### Objective

In this notebook, we test the quality of the generated conversation

In [1]:
from chatbot import JournalistBot, AuthorBot
from embedding_engine import Embedder
from topic_classifier import TopicClassifier
import utilities
from pdf2image import convert_from_path
import PyPDF2
import os

In [2]:
issue = 'ABB Review_02_2023_layout complete_EN_72-300dpi.pdf'
articles = utilities.extract_articles(issue)
relevant_topics = ['Sustainability initiatives']
article = articles[-4]

In [3]:
focal_points = {
        
    'Tech and product insights': {
        'description': 'Spotlight on new tech and product',
        'target audience': 'R&D engineers',
        'prompt': f"""
        - Seek detailed information about the technology and product advancements. 
        - Explore the underlying tech innovations and their advantages.
        - Discuss product features, benefits, and differentiators.
        """
    },
    
    'Market dynamics': {
        'description': 'Explore the market implications',
        'target audience': 'marketing professionals',
        'prompt': f"""
        - Seek detailed information about market implications and relevance.
        - Explore challenges and opportunities in the current market scenario.
        - Discuss marketable insights and strategies. 
        """
    },
    
    'Operational transformation': {
        'description': 'Insights on optimized processes and operations',
        'target audience': 'operational experts & managers',
        'prompt': f"""
        - Seek detailed information about changes in operational processes and efficiency gains. 
        - Explore how the transformations impact daily operations and long-term strategies.
        """
    },
    
    'Sustainability initiatives': {
        'description': "ABB's contributions to environmental sustainability",
        'target audience': 'sustainability officers',
        'prompt': f"""
        - Seek detailed information about ABB's sustainability strategies and solutions.
        - Explore the measurable impacts of the sustainability initiatives.
        """
    },
    
    'Customer experience': {
        'description': "Dive into the end-user benefits and experiences",
        'target audience': 'customers',
        'prompt': f"""
        - Explore how ABB’s solutions and products enhance user interactions and satisfaction.
        """
    },
    
    'Industry challenges and opportunities': {
        'description': "Peering into hurdles and growth areas",
        'target audience': 'business developers',
        'prompt': f"""
        - Discuss industry-wide pain points.
        - Explore ABB’s strategies to tackle them.
        - Explore the potential for growth
        """
    },
    
    'Strategic collaborations': {
        'description': "Highlighting strategic partnerships",
        'target audience': 'partnership managers',
        'prompt': f"""
        - Inquire about the nature and objectives of ABB's partnerships and strategic collaborations. 
        - Discuss the synergies achieved through such collaborations.
        """
    },
    
    'Strategy innovation': {
        'description': "Unpacking ABB's approaches to business strategies",
        'target audience': 'executives',
        'prompt': f"""
        - Seek detailed information about the innovative strategies adopted by ABB. 
        - Discuss the anticipated impact of these strategic innovations.
        """
    },
    
    'General overview': {
        'description': "A holistic breakdown of the article's key themes",
        'target audience': 'general public',
        'prompt': f"""
        - Summarize the main themes and highlights of the article.
        - Probe into any general insights or takeaways from the content.
        """
    }
}

In [4]:
# Create embeddings
embedding = Embedder()
documents = embedding.load_n_process_document(issue="./papers/"+issue,
                                             page={
                                                 'start': article['start_page'],
                                                 'length': article['length']
                                             }, chunk_size=1000, debug=True)
vectorstore = embedding.create_vectorstore(store_path="./vectorstore/"+article['title'])

# Create summary
article_summary = embedding.create_summary(summary_method='map_reduce')
print(f"Article summary: {article_summary}")

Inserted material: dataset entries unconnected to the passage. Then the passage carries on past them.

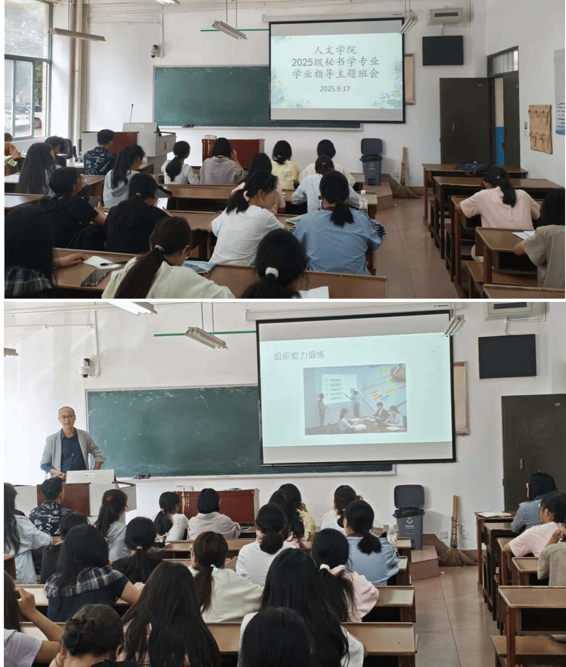 班会伊始,张宏勇书记首先通过高校招生与毕业生数据,结合秘书学专业特点,展示毕业生就业场景与“上岸”情况,剖析就业形势,明确专业发展;然后从思想与组织发展、专业技能提升、学业硬指标、毕业去向等多方面阐述大学期间能力培养重点,明确新生努力方向,规划大学路径。
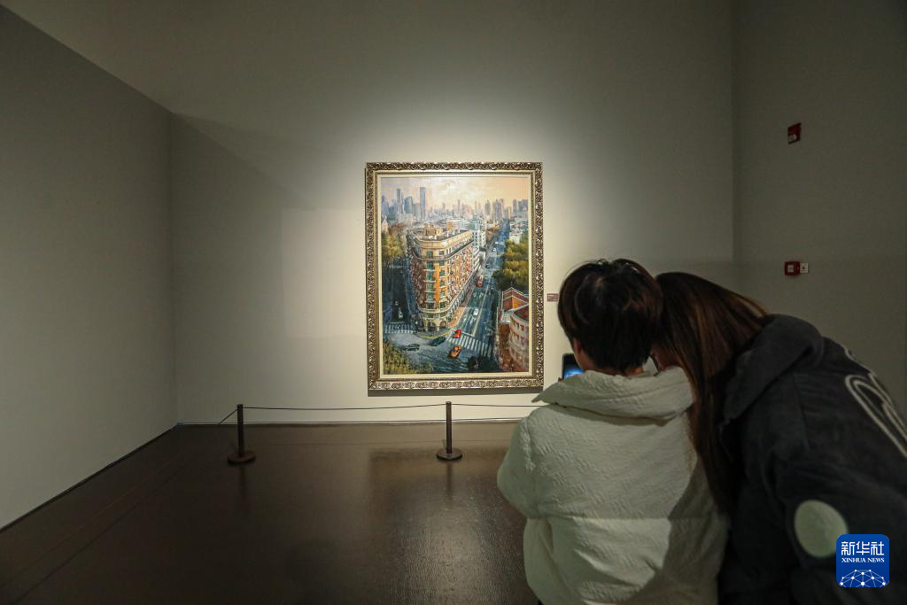 1月12日,观众在参观画作《梧桐深处的武康大楼》。
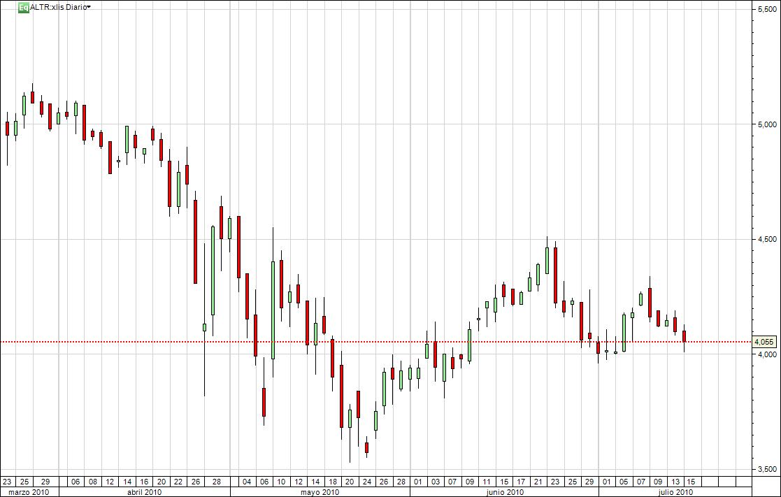 De hecho, puede ser una buena oportunidad para probar una operación bajista en este valor utilizando CFDs. Podríamos entrar cortos a mercado para mantener la operación en tendencia colocando el stop en la zona de 4,55-4,60 euros.
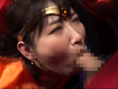 Horny Asian slut in costume enjoys sucking on a massive boner
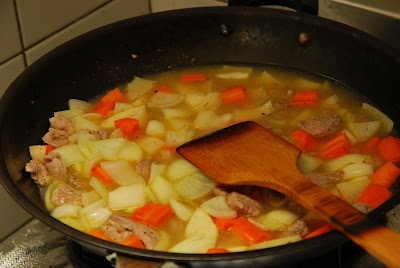 大概再炒個3分鐘~加入一公升的水^^~(大概蓋過所有材料就行~多一點也無所謂)
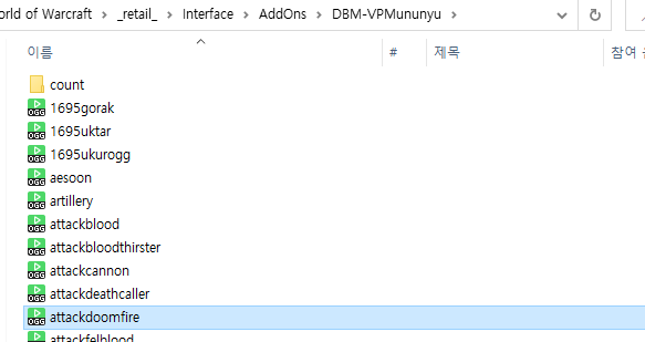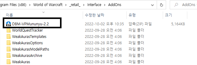 무뉴뉴 음성팩을 다운로드 하면, "DBM-VPMununyu.zip" 형태의 파일을 다운로드 받게 되는데요. 이 파일을 와우가 설치된 폴더/_retail_/interface/AddOns 로 파일을 옮깁니다.

Embeddings found! Loaded the computed ones
Article summary: The article discusses a study by ABB that compares the carbon footprint of a Volkswagen Golf GTD (ICE) and a Volkswagen ID.4 (BEV) over their lifetime, taking into account emissions from fuel, exhaust, and BEV battery manufacture. The study estimates future scenarios based on increasing battery energy density and linearly calculated power grid CO₂ emissions in the EU, USA, and China during the BEV use phase. The primary contribution to emissions in both ICE and BEV vehicles occurs during the use phase, but BEVs are more efficient than ICE vehicles in the EU, Norway, China, and the UK. The reduction of emissions in battery electric vehicles (BEVs) is mainly due to the decline in power grid emissions, resulting from grid decarbonization. The article also discusses the impact of manufacturing country, commodity prices, and electricity carbon intensity on greenhouse gas emissions and costs in the context of electric vehicle produc

In [5]:
# Create two chatbots
journalist = JournalistBot('Azure')
author = AuthorBot('Azure', vectorstore)

# Specify instruction for journalist bot
prompt = [focal_points[topic]['prompt'] for topic in relevant_topics]
audience = [focal_points[topic]['target audience'] for topic in relevant_topics]
journalist.instruct(theme=relevant_topics, summary=article_summary,
                    focal_points=prompt, audience=audience)

# Specify instruction for author bot
author.instruct(theme=relevant_topics, audience=audience)

In [6]:
print(journalist._specify_system_message())

You are a journalist examining ABB's developments related to ['Sustainability initiatives'] for ['sustainability officers'].

        Your mission is to interview the article's author, represented by another chatbot, extracting key insights and addressing specific subjects. 
        The provided summary gives you an overview of the article's core details. 
        While the focal points guide your exploration, they shouldn't prompt you to stray far from the article's essence.

        Begin by gaining a broad understanding of the article through the focal points, and progressively focus on specific details. 
        Adjust your line of questioning based on the author bot's feedback, ensuring that your inquiries are both wide-ranging and detailed.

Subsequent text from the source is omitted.